A federal district court judge in Georgia agreed that a coalition of plaintiffs representing minority communities has the right to claim the method of electing local officials in Gwinnett County, Georgia denies them from participating equally in electing local officials.

In her opinion in Georgia State Conference of the NAACP v. Gwinnett County Board of Registrations and Elections, Judge Amy Totenberg rejected the County’s argument that claims under Section 2 of the Voting Rights Act are limited to members of a single minority group. Judge Totenberg noted that the Eleventh Circuit and other courts have held that coalition claims are permissible so long as the racial groups are politically cohesive.

“This case is yet another example of how voting discrimination remains rampant across the State of Georgia,” said Kristen Clarke, president and executive director of the Lawyers’ Committee. “The court’s ruling recognizes that all minority voters have access to protection under the Voting Rights Act if they are denied an equal opportunity to participate in the political process. From our litigation against Georgia’s illegal registration cutoff for federal runoff elections to its recent racial gerrymander of two State House districts — one of which is in Gwinnett County — much work remains to be done to combat voting discrimination and voter suppression in the state.”

Judge Totenberg also ruled that Gwinnett County’s standing-related challenges are moot because the Plaintiffs filed an amended version of the complaint recently in response to a separate court order. The County will have the opportunity to raise its standing argument again in a subsequent pleading.

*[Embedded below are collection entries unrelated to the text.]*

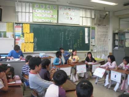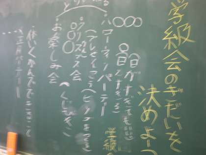 学級会の授業でした。子どもが司会となって議事を進めます。子どもたちは、友達の話を聞いて、よく意見を言います。意見を言える子が育っています。
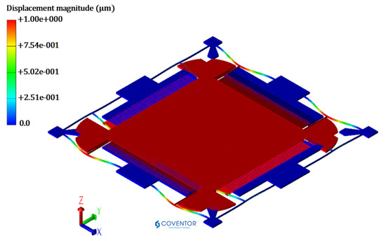 The natural frequency of the MEMS accelerometer is obtained through modal analysis in the CoventorWare MemMech module. The proof mass displacement, corresponding to an input acceleration, is obtained for each simulation run using harmonic analysis and considering the air damping effect. In the dual-axis MEMS accelerometer design, both the squeeze and slide air film damping result in energy dissipation. For an input acceleration, the squeeze film air damping occurs between the stator and rotor combs in the active sense axis, and a slide film air damping occurs between the two sets of combs in the inactive axis. In the present work, for each simulation run, the value of air damping is first computed by using the CoventorWare DampingMM module and subsequently used in the harmonic analysis. In the FEM analysis, the gas rarefaction effects are considered for each simulation run since the dominant airflow regime is slip flow for an air gap of 2.5 μm between the stator and rotor combs of the MEMS accelerometer. For each simulation run in the design matrix, the computed values of squeeze number and Reynolds number are in the range of 10−3 thus air compressibility and inertial damping effects are ignored. A detailed description of modelling of thin film air damping effects in capacitive sensing combs is given by the authors in [40,41].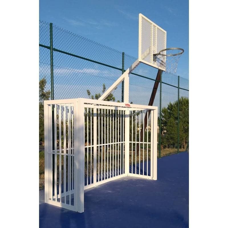 Juego de porterías de fútbol sala-balonmano antivandálicas con tableros y postes de baloncesto para áreas multijuego.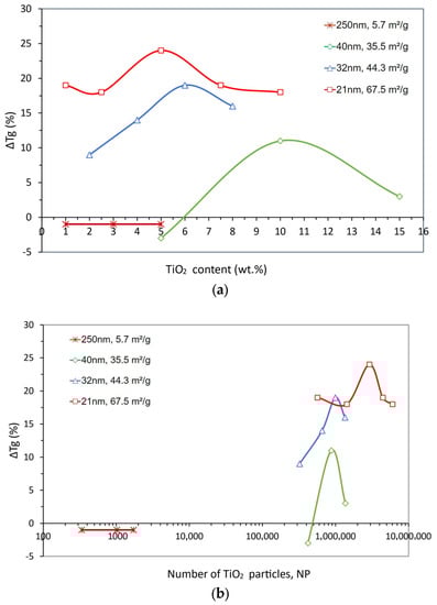 The titania (TiO2) particles are, indeed, the most commonly used particles found in the literature, with more abundant data and several industrial applications. Similarly, epoxy DGEBA is the most common polymeric matrix considered in these studies, given its wide usage in industry, easy access to and ability to disperse particles within low-viscosity media [].

Gwinnett County is a majority-minority county according to the 2010 Census, yet no minority candidate has ever won election to a county-level office, including the Board of Commissioners and the Board of Education.

In their complaint, the Plaintiffs allege that two majority-minority Board of Commissioners districts should be drawn to give African-American, Latino and Asian-American voters an opportunity to elect candidates of their choice. The Plaintiffs in this case include the Georgia State Conference of the NAACP, the Georgia Association of Latino Elected Officials (GALEO), and nine Gwinnett County voters.

“When minority voters coalesce to form a coalition, they should be protected by the Voting Rights Act,” said Jerry Gonzalez, GALEO executive director. “GALEO is glad that the case moves forward to ensure minority voters in Gwinnett County will be protected against vote dilution.”

The current Board of Education district map assigns approximately 74.4 percent of the African-American, Latino and Asian-American voters to District 5 and splits the balance of the minority population across the other four districts where African-Americans, Latinos and Asian-Americans do not constitute a majority of the population.  The complaint alleges that the Board of Education districts should be re-drawn to include a second majority-minority district so that minority voters have a fair opportunity to elect candidates of their choice to the Board of Education.